## EXERCISE AIM:
Restate the whole listing below word for word and keep the images out.

DATA FOR ANALYSIS: Begin

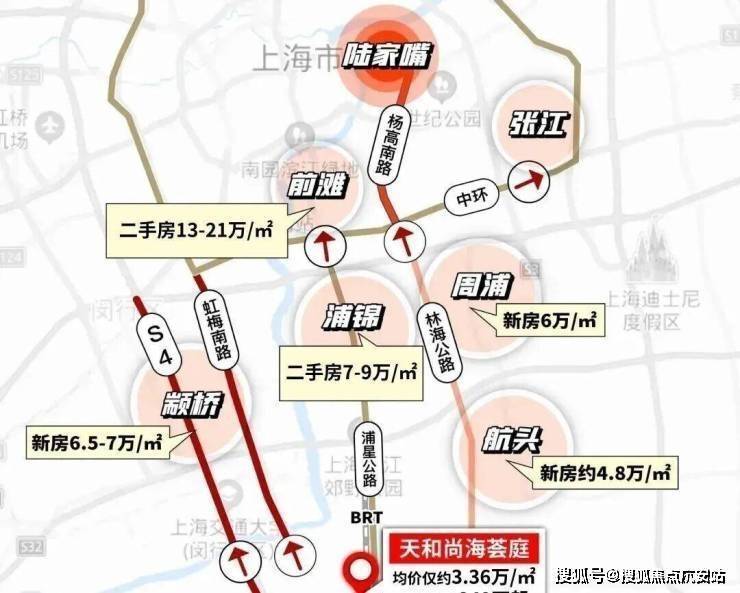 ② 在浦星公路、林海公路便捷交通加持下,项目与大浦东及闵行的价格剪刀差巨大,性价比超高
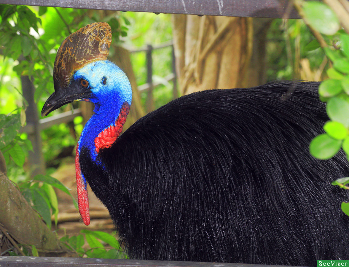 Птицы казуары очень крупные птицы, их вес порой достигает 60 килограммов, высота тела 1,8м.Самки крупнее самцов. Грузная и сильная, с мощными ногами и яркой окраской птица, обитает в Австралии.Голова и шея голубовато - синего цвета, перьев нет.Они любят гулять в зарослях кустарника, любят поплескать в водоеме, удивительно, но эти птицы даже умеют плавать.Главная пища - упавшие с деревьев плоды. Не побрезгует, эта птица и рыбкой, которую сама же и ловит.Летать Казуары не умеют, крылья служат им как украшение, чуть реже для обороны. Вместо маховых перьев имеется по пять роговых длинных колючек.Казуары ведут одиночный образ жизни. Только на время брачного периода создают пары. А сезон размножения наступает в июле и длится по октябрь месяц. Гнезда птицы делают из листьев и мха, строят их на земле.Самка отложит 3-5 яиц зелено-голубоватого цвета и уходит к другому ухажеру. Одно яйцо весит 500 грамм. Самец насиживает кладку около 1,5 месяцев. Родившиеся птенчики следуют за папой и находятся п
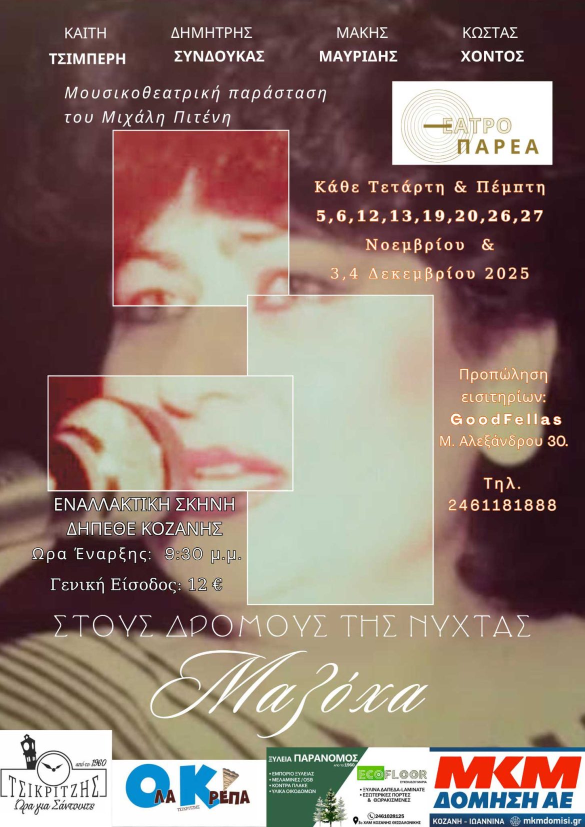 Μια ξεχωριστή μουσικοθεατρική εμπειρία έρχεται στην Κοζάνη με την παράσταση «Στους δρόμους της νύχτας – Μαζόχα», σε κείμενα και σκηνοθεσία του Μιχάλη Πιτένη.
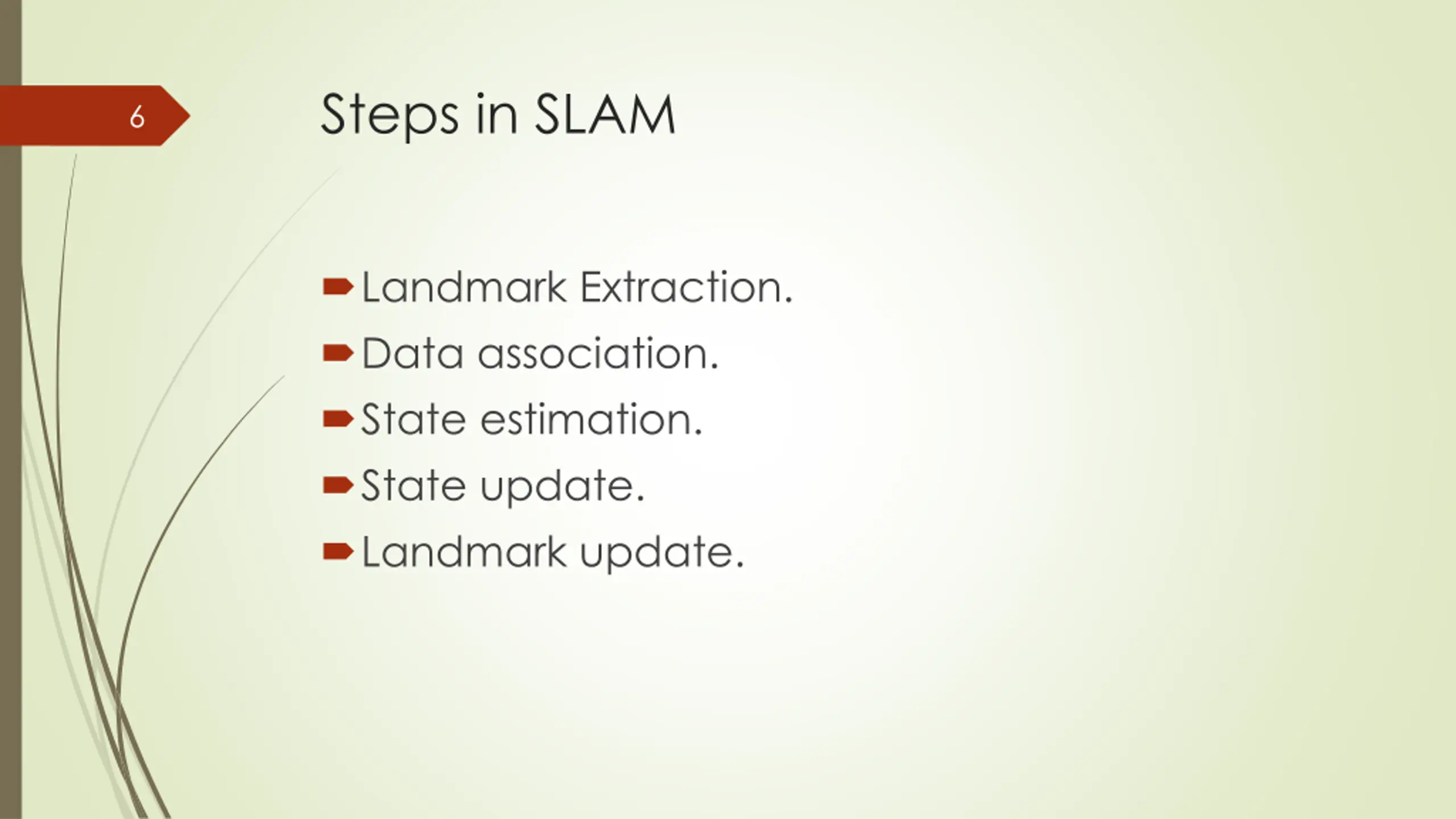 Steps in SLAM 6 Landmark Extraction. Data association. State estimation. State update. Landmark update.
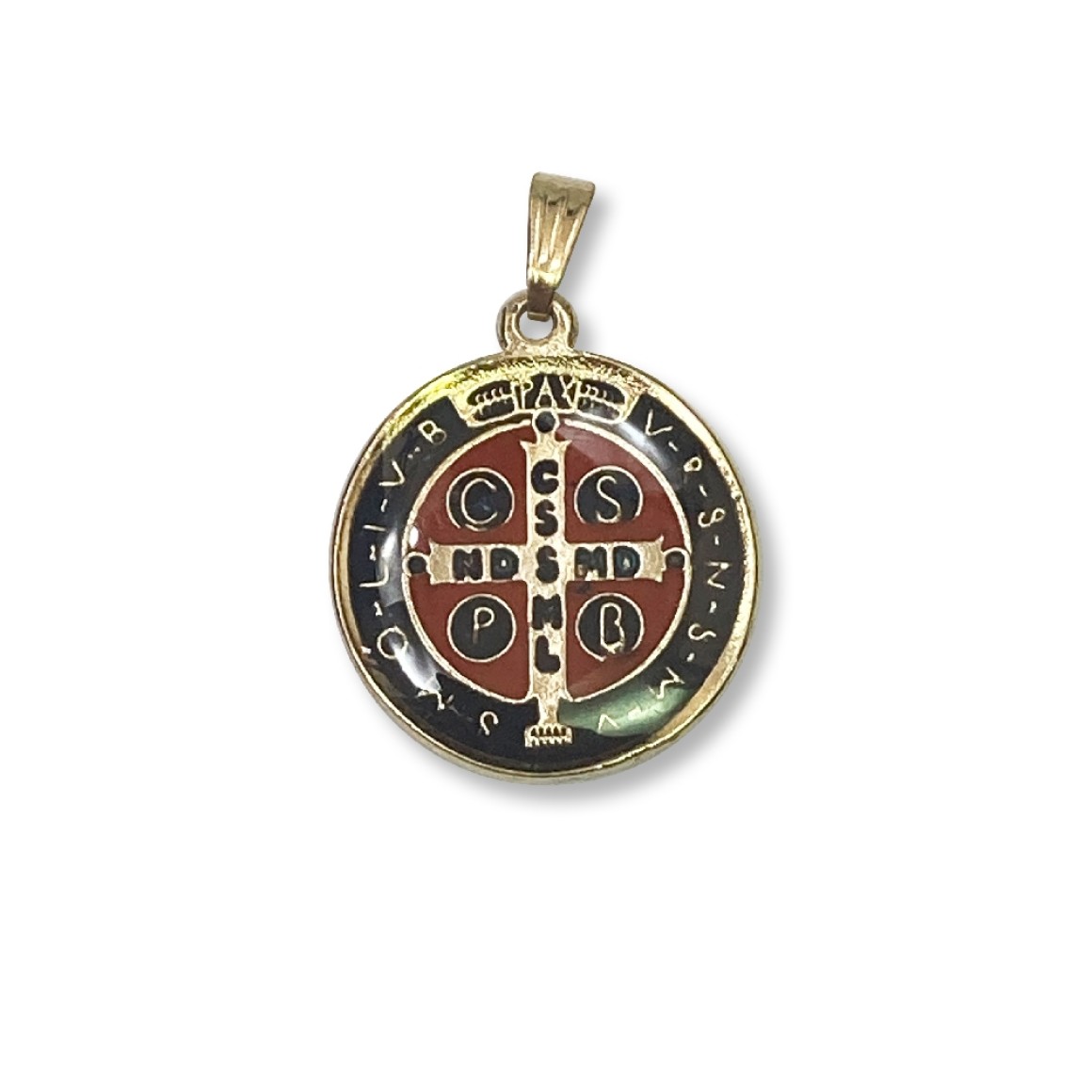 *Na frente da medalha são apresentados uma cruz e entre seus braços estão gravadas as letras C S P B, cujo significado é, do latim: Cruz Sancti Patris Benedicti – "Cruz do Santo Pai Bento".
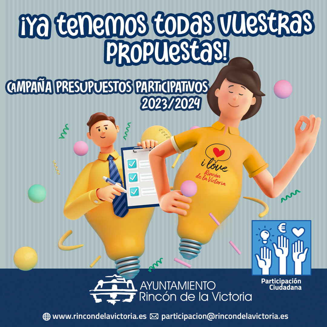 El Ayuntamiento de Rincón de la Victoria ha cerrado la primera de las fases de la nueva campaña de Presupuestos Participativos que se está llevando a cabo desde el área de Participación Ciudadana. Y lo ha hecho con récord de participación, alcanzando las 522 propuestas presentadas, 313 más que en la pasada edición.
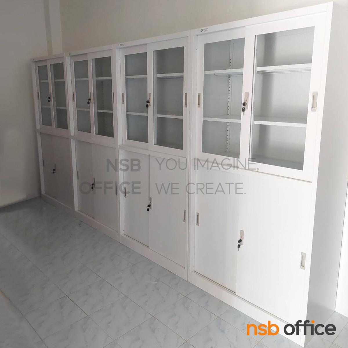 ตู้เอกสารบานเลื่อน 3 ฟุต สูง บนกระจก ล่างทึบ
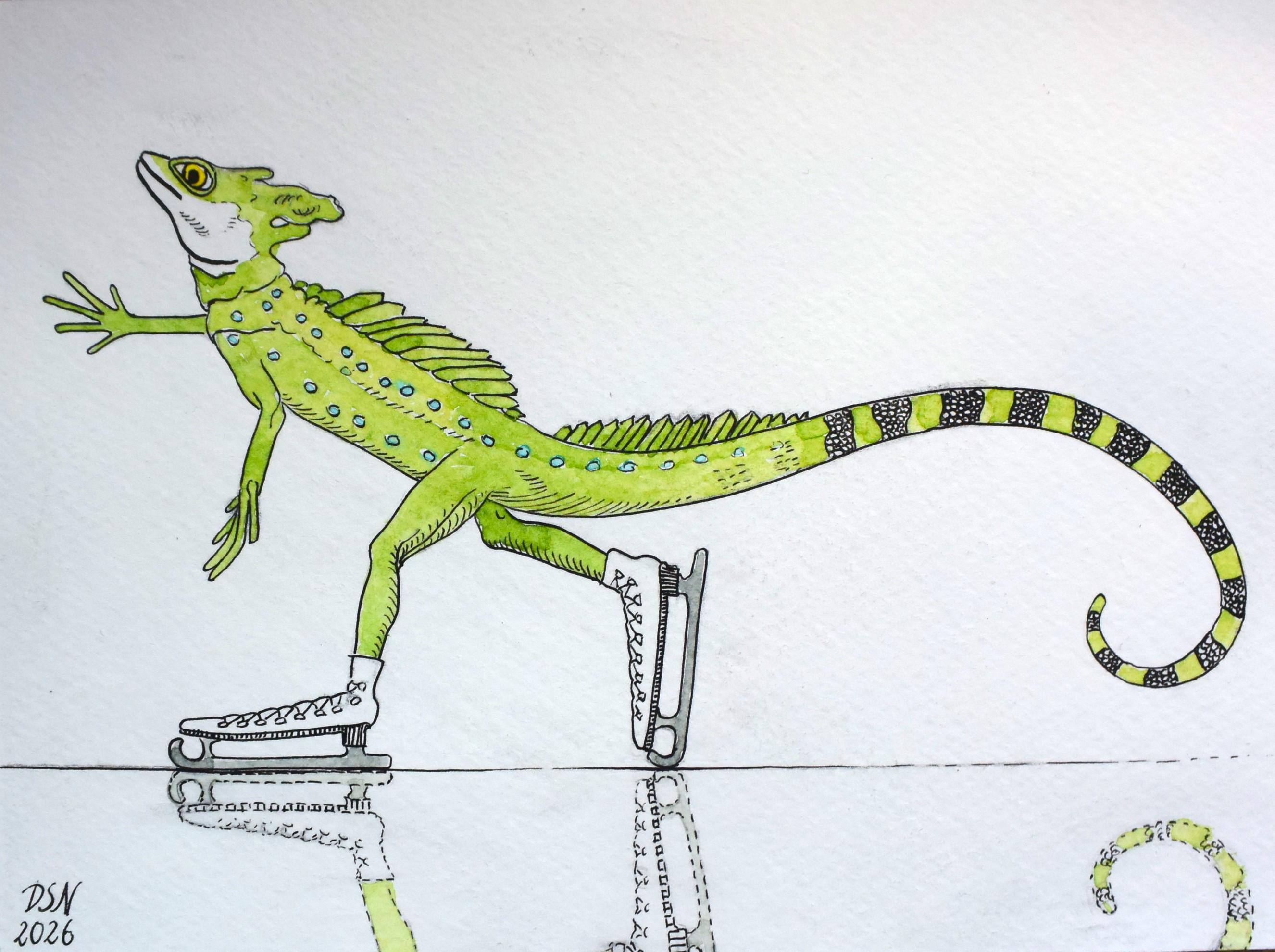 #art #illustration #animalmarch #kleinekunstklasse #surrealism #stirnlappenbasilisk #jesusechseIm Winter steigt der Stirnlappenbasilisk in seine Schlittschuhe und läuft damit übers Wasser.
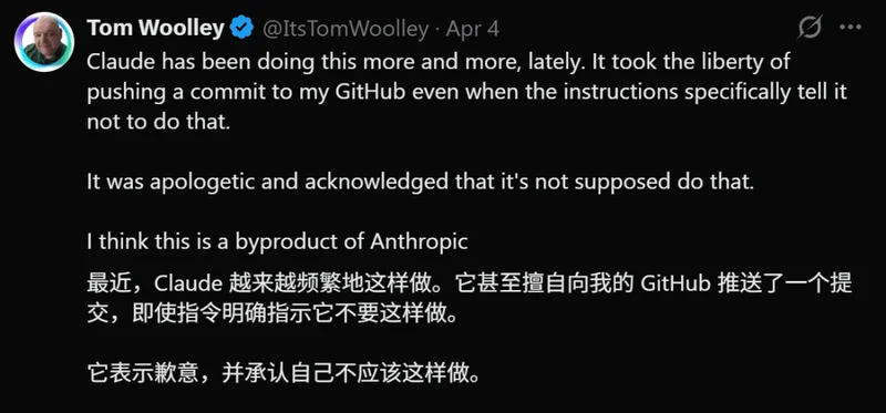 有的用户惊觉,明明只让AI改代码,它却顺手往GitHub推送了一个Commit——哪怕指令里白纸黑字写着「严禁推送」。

DATA FOR ANALYSIS: End

## TASK SOLUTION:
 ② 在浦星公路、林海公路便捷交通加持下,项目与大浦东及闵行的价格剪刀差巨大,性价比超高
 Птицы казуары очень крупные птицы, их вес порой достигает 60 килограммов, высота тела 1,8м.Самки крупнее самцов. Грузная и сильная, с мощными ногами и яркой окраской птица, обитает в Австралии.Голова и шея голубовато - синего цвета, перьев нет.Они любят гулять в зарослях кустарника, любят поплескать в водоеме, удивительно, но эти птицы даже умеют плавать.Главная пища - упавшие с деревьев плоды. Не побрезгует, эта птица и рыбкой, которую сама же и ловит.Летать Казуары не умеют, крылья служат им как украшение, чуть реже для обороны. Вместо маховых перьев имеется по пять роговых длинных колючек.Казуары ведут одиночный образ жизни. Только на время брачного периода создают пары. А сезон размножения наступает в июле и длится по октябрь месяц. Гнезда птицы делают из листьев и мха, строят их на земле.Самка отложит 3-5 яиц зелено-голубоватого цвета и уходит к другому ухажеру. Одно яйцо весит 500 грамм. Самец насиживает кладку около 1,5 месяцев. Родившиеся птенчики следуют за папой и находятся п
 Μια ξεχωριστή μουσικοθεατρική εμπειρία έρχεται στην Κοζάνη με την παράσταση «Στους δρόμους της νύχτας – Μαζόχα», σε κείμενα και σκηνοθεσία του Μιχάλη Πιτένη.
 Steps in SLAM 6 Landmark Extraction. Data association. State estimation. State update. Landmark update.
 *Na frente da medalha são apresentados uma cruz e entre seus braços estão gravadas as letras C S P B, cujo significado é, do latim: Cruz Sancti Patris Benedicti – "Cruz do Santo Pai Bento".
 El Ayuntamiento de Rincón de la Victoria ha cerrado la primera de las fases de la nueva campaña de Presupuestos Participativos que se está llevando a cabo desde el área de Participación Ciudadana. Y lo ha hecho con récord de participación, alcanzando las 522 propuestas presentadas, 313 más que en la pasada edición.
 ตู้เอกสารบานเลื่อน 3 ฟุต สูง บนกระจก ล่างทึบ
 #art #illustration #animalmarch #kleinekunstklasse #surrealism #stirnlappenbasilisk #jesusechseIm Winter steigt der Stirnlappenbasilisk in seine Schlittschuhe und läuft damit übers Wasser.
 有的用户惊觉,明明只让AI改代码,它却顺手往GitHub推送了一个Commit——哪怕指令里白纸黑字写着「严禁推送」。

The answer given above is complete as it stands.